- Genre: Game show
- Starring: Dennis James (host)
- Country of origin: United States
- Original language: English
- No. of seasons: 1
- No. of episodes: 24

Production
- Camera setup: Multi-camera
- Running time: 30 minutes

Original release
- Network: CBS
- Release: July 7 – December 15, 1956

= High Finance (game show) =

High Finance is a quiz show created and hosted by Dennis James which aired on CBS from July 7 to December 15, 1956. It followed Gunsmoke on the CBS schedule. High Finance aired at 10:30 p.m. Saturdays opposite NBC's Your Hit Parade.

==Premise==
On the program, contestants answered questions about current events. The player would be asked five questions based on three newspapers which he or she studied before the show. Each correct answer earned $300. Three correct answers allowed the player to play the "investment segment" in which he or she wagered any amount of the money won on answering a question. A correct answer won the wager and a prize, plus the option to risk any prizes won and return the next week to play another "investment segment" or keep any prizes won and leave the show. A fourth win would earn that player his or her "dream prize", such as a miniature golf course or a restaurant. A fifth successful "investment segment" won that player an additional $75,000.

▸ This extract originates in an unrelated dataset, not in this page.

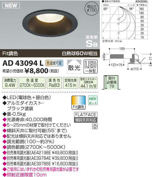 ¥³¥¤¥º¥ß¾ÈÌÀ KOIZUMI ¹âµ¤Ì©¥À¥¦¥ó¥é¥¤¥È LED AD43094L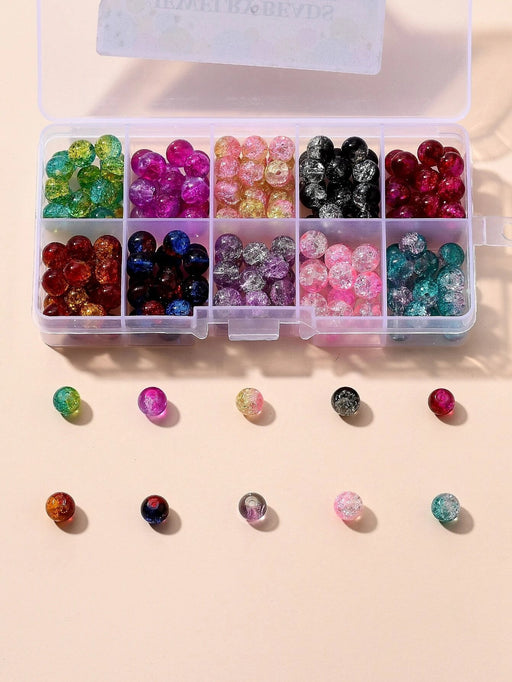1 caja de 10 cuentas de vidrio craqueladas redondas y transparentes de colores variados

Contestants on High Finance included boxer Joe Louis and his wife, who sought to win money to pay part of the more than $1 million that Louis owed the Internal Revenue Service in back taxes. They won $41,000 as they appeared as special guests for eight weeks.

==Production==
Robert Jennings and James created High Finance. Peter Arnell was the producer; Lou Sposa was the associate producer and director. The program originated live from WCBS-TV, replacing Damon Runyon Theater. Monsanto and Mennen were the sponsors. Mennen sponsored two episodes per month, and Monsanto had one. During each fourth week Ford Star Jubilee pre-empted High Finance. Mennen's sponsorship ended when the show completed its second cycle. The trade publication Billboard said that Mennen was "reportedly unhappy" with the program's summer ratings, which included 11.1 for August. Ratings remained a problem in the fall, diminishing as time went on, when "They should have gone higher to keep even with the sharp general viewing upswing from September to November. At the beginning of the Fall 1957 season, CBS relinquished the 10:30 p.m. Saturday time slot to affiliates.